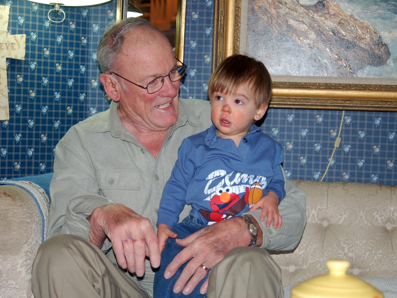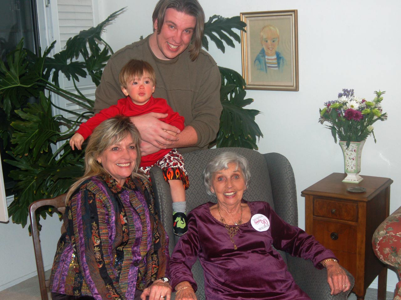 | Generations photo with sick Ro | Trying not to sneeze on Great Grandpa | ||
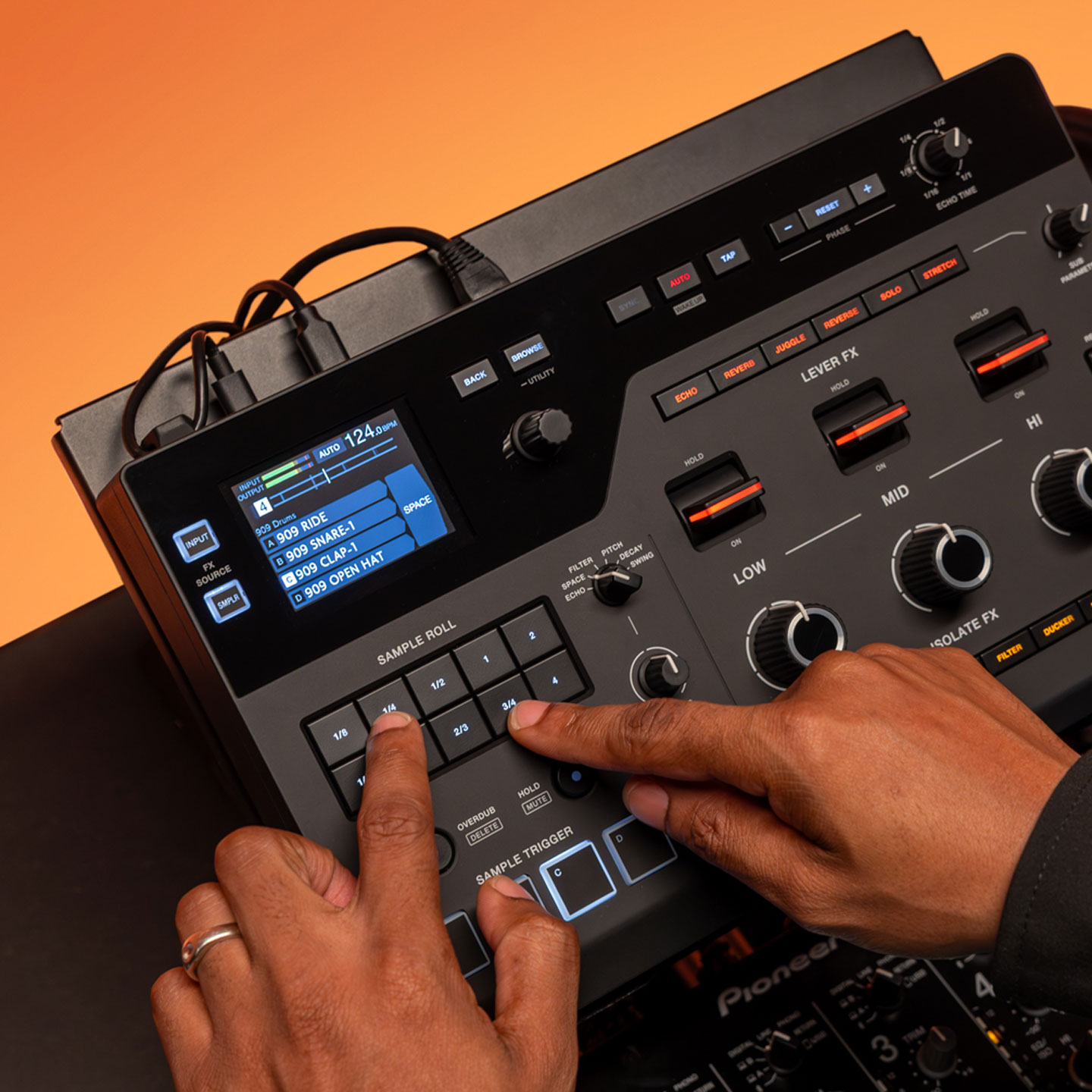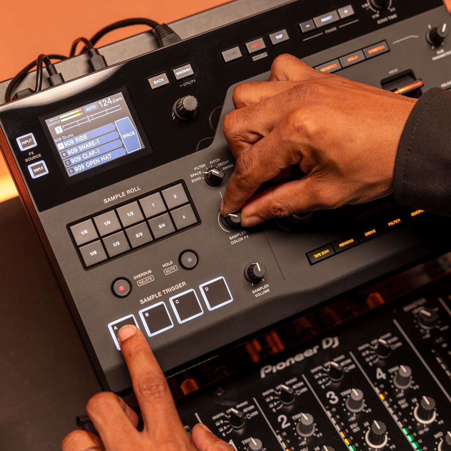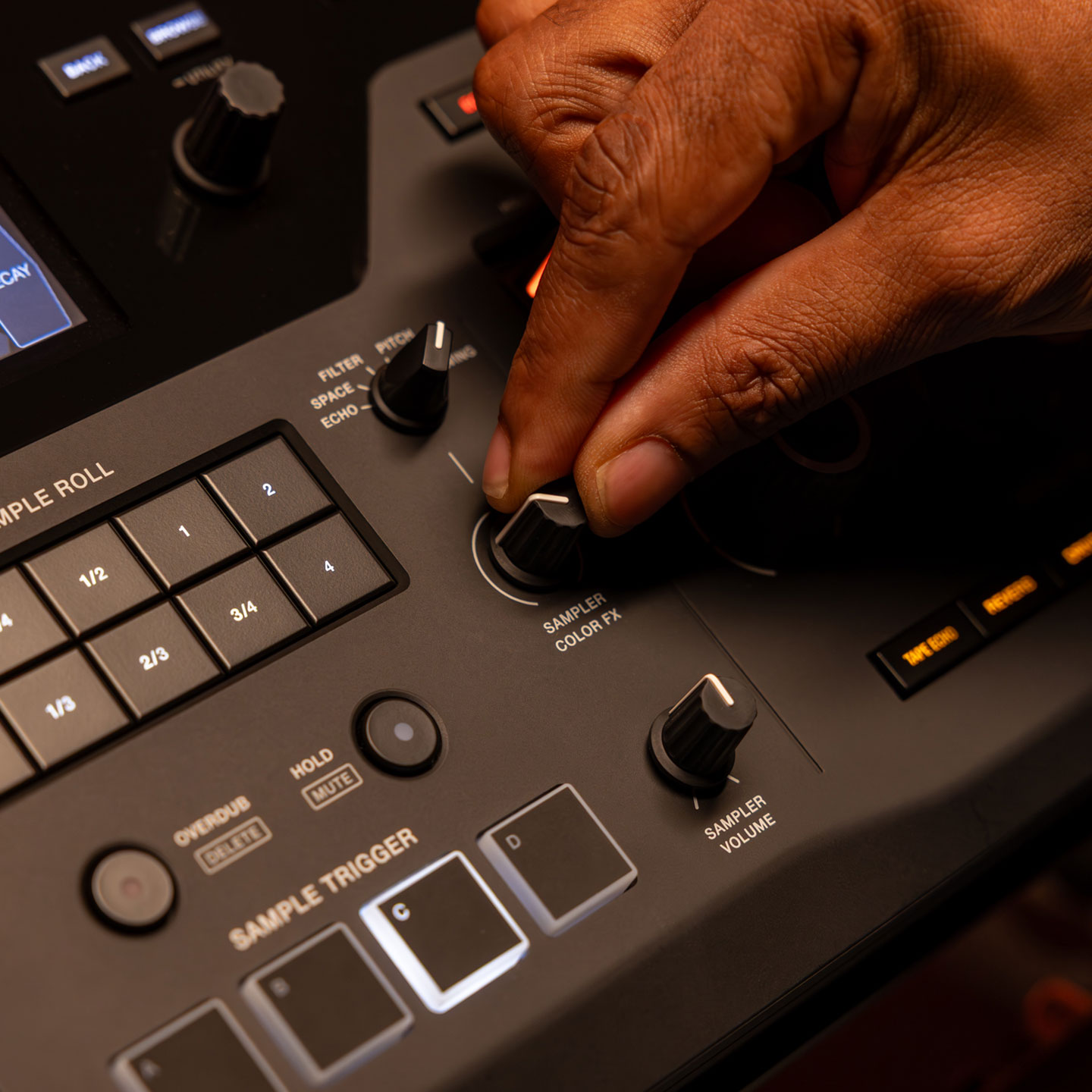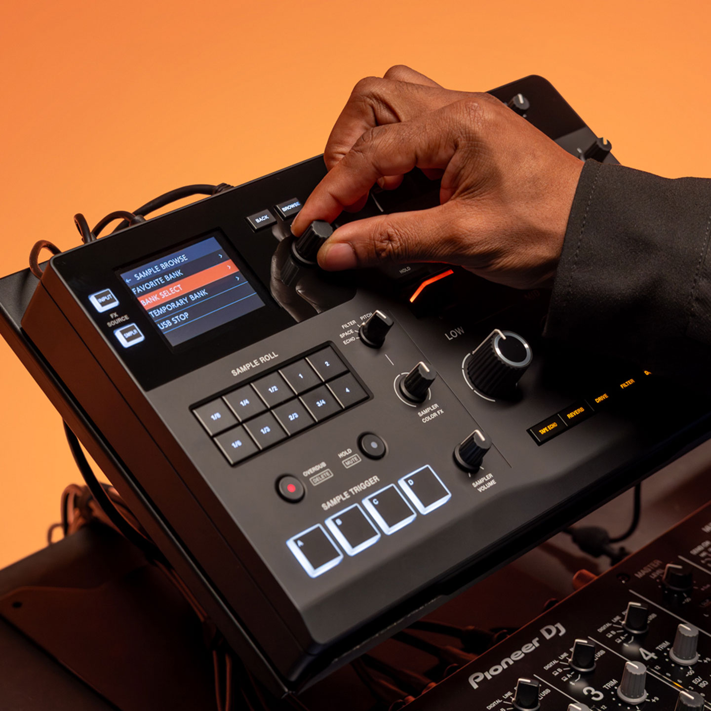 The multicolor display lets you check key details such as 3-Band FX sub-parameters, loaded samples, selected Sampler Color FX, BPM, and input/output levels. You can also browse and quickly select samples directly from the screen, enabling confident operation and full focus on your performance.
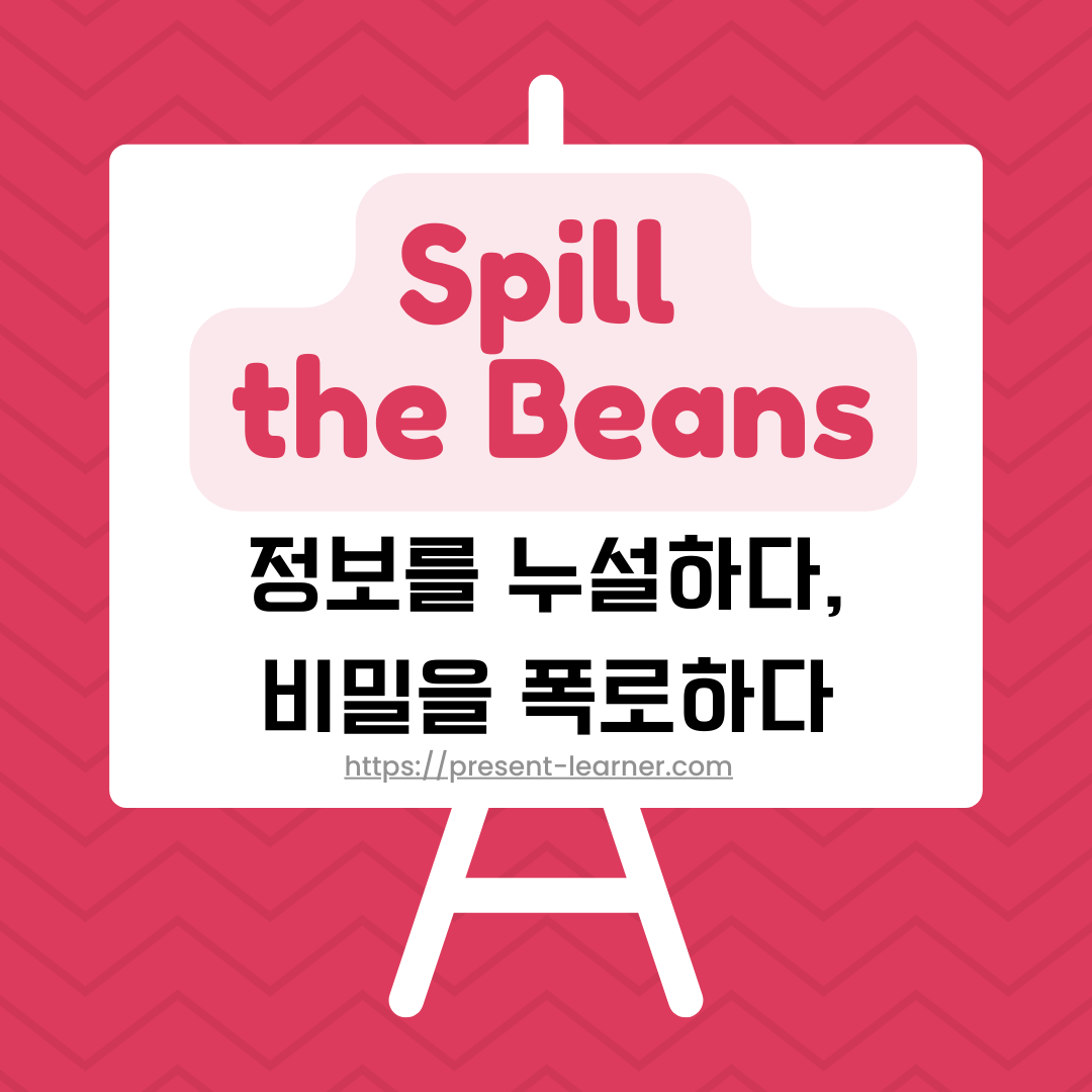 "Spill the benas"는 직역을 하자면, '콩을 쏟다'의 의미지만, 실제로 이 표현은 '정보를 누설하다', '비밀을 폭로하다'의 의미를 가지고 있어요. 주로 비밀을 지키지 못하고 말하게 될 때, 사용되는 표현이에요.
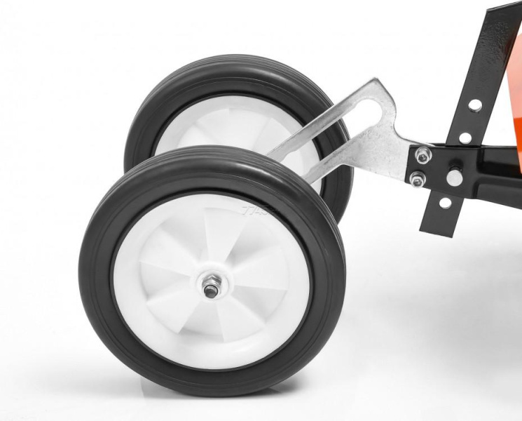 Двойные транспортировочные колеса обеспечивают дополнительную устойчивость агрегата при перемещении к рабочей зоне. Конструкция опоры позволяет за считанные секунды переключаться между рабочим и транспортировочным положениями
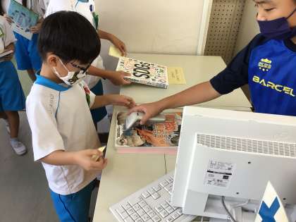 今月から、決められた休み時間に自分で本を借りに行っています。
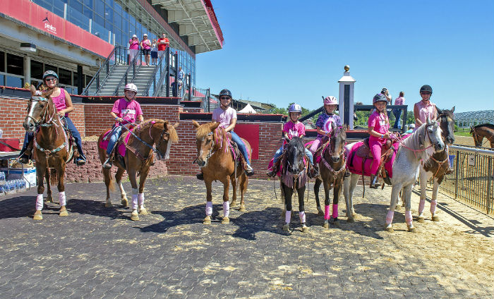 “This is the fifth year for Canter For The Cause and we had 229 riders with Shetland ponies to draft horses to Clydesdales,” Hale said. “Every rider had a big smile across their faces when they came around. We let the riders go into the winner’s circle as well to have their pictures taken. It was a great event for two great charities—Thoroughbred Aftercare Alliance and Susan G. Komen Maryland.

┄┄┄┄┄┄┄┄┄┄┄┄┄┄┄┄┄┄┄┄

▶ Exercise objective: The expected answer is the whole listing above, copied exactly, with images excluded.

▶ Result for this exercise:
 | Generations photo with sick Ro | Trying not to sneeze on Great Grandpa | ||
 The multicolor display lets you check key details such as 3-Band FX sub-parameters, loaded samples, selected Sampler Color FX, BPM, and input/output levels. You can also browse and quickly select samples directly from the screen, enabling confident operation and full focus on your performance.
 "Spill the benas"는 직역을 하자면, '콩을 쏟다'의 의미지만, 실제로 이 표현은 '정보를 누설하다', '비밀을 폭로하다'의 의미를 가지고 있어요. 주로 비밀을 지키지 못하고 말하게 될 때, 사용되는 표현이에요.
 Двойные транспортировочные колеса обеспечивают дополнительную устойчивость агрегата при перемещении к рабочей зоне. Конструкция опоры позволяет за считанные секунды переключаться между рабочим и транспортировочным положениями
 今月から、決められた休み時間に自分で本を借りに行っています。
 “This is the fifth year for Canter For The Cause and we had 229 riders with Shetland ponies to draft horses to Clydesdales,” Hale said. “Every rider had a big smile across their faces when they came around. We let the riders go into the winner’s circle as well to have their pictures taken. It was a great event for two great charities—Thoroughbred Aftercare Alliance and Susan G. Komen Maryland.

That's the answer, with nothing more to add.